User interaction remains required because the victim has to activate the attachment link/icon. That is why UI:R is correct.

But once that interaction happens, the security boundary has already failed much earlier: the application stored a dangerous scheme and rendered it back into an execution sink.

Disclosure

I reported the issue privately through GitHub Security Advisories with:

• root-cause analysis
• a live HTTP PoC
• stored JSON evidence
• rendered HTML sink evidence
• a pinned disposable test lab

The issue was accepted, assigned CVE-2026-34212, and published on April 14, 2026.

The public advisory currently lists:

• affected version: 0.70.3
• patched version: 0.71.0

My live validation was performed on v0.70.3, which matched the published vulnerable version.

What This Bug Actually Teaches

The main lesson here is not simply "sanitize URLs."

Everybody already knows that.

The more interesting lesson is:

if an application has one safe URL-bearing node type and one unsafe URL-bearing node type, the unsafe one is the real policy.

Rich-text systems often accumulate custom extensions faster than they accumulate security review.

That creates exactly this kind of asymmetry:

• the standard link path is hardened
• the attachment path is treated as "internal" or "special"
• the special path quietly becomes the easier XSS sink

This bug also shows why schema validation is not enough.

jsonToNode() verified that the content was structurally valid ProseMirror data. It did not prove that the content was safe to render.

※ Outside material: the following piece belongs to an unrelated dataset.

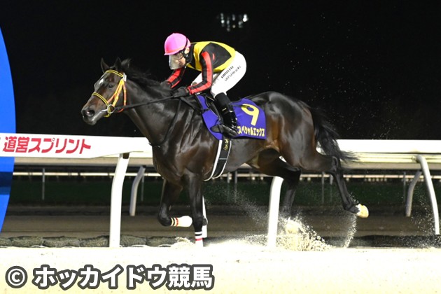 前走の兵庫ゴールドトロフィーは、好スタートから逃げの手を打ったが、向正面で内からハッピーマンに並び掛けられる苦しい展開ながら、4着に渋太く頑張った。兵庫遠征は6回と慣れたもので、長距離輸送による馬体減はなくなった。前走後は門別競馬場の坂路で乗り込まれ、1月17日と1月24日に13-13ペースで駆け上がり、1月31日は3F38.3秒-1F12.5秒と初めて3F40秒を切るタイムをマークした。1週前の2月12日は、僚馬ストリームと併せ、3F35.6秒-1F12.4秒で1馬身先着し、順調度をアピールした。名古屋の馬場は内を避けるケースが目につくが、門別もその状況になることが多いだけに、馬場への適応に不安はない。道営スプリントで勝利に導いた吉原寛人騎手を配し、9回目のダートグレード挑戦で悲願の優勝を目指す。

Those are different questions.

Security review gets much sharper when you keep those questions separate:

• is this content structurally valid?
• is this content safe to store?
• is this content safe to render at every sink?

The attachment node passed the first question and failed the third.

That is how stored content bugs survive inside otherwise well-structured editor pipelines.

Key Points

• Docmost accepted raw attachment node URLs in page content.
• Server-side page validation checked ProseMirror schema shape, not URL-scheme safety.
• The vulnerable attachment node rendered data-attachment-url and anchor href directly from attacker-controlled input.
• The client helper getFileUrl() returned unknown schemes unchanged.
• Normal link nodes already blocked javascript:, but attachment nodes did not.
• A low-privileged editor could plant the payload once and target later viewers.
• The live PoC proved both stored persistence and rendered executable sink.
• The fix in v0.71.0 added sanitizeUrl handling to the attachment node and client fallback path.

Final Words

This vulnerability was not about a browser quirk.

It was about a custom content node that bypassed the application's own URL safety assumptions.

Docmost accepted an attacker-controlled attachment URL, preserved it through storage, and then rendered it back into a live anchor in the application origin.

That is why it became CVE-2026-34212.

The patch in v0.71.0 closed the active XSS path cleanly, but the broader lesson is the one worth keeping:

in editor-heavy applications, every custom node that can carry a URL is its own security boundary, and it has to be reviewed like one.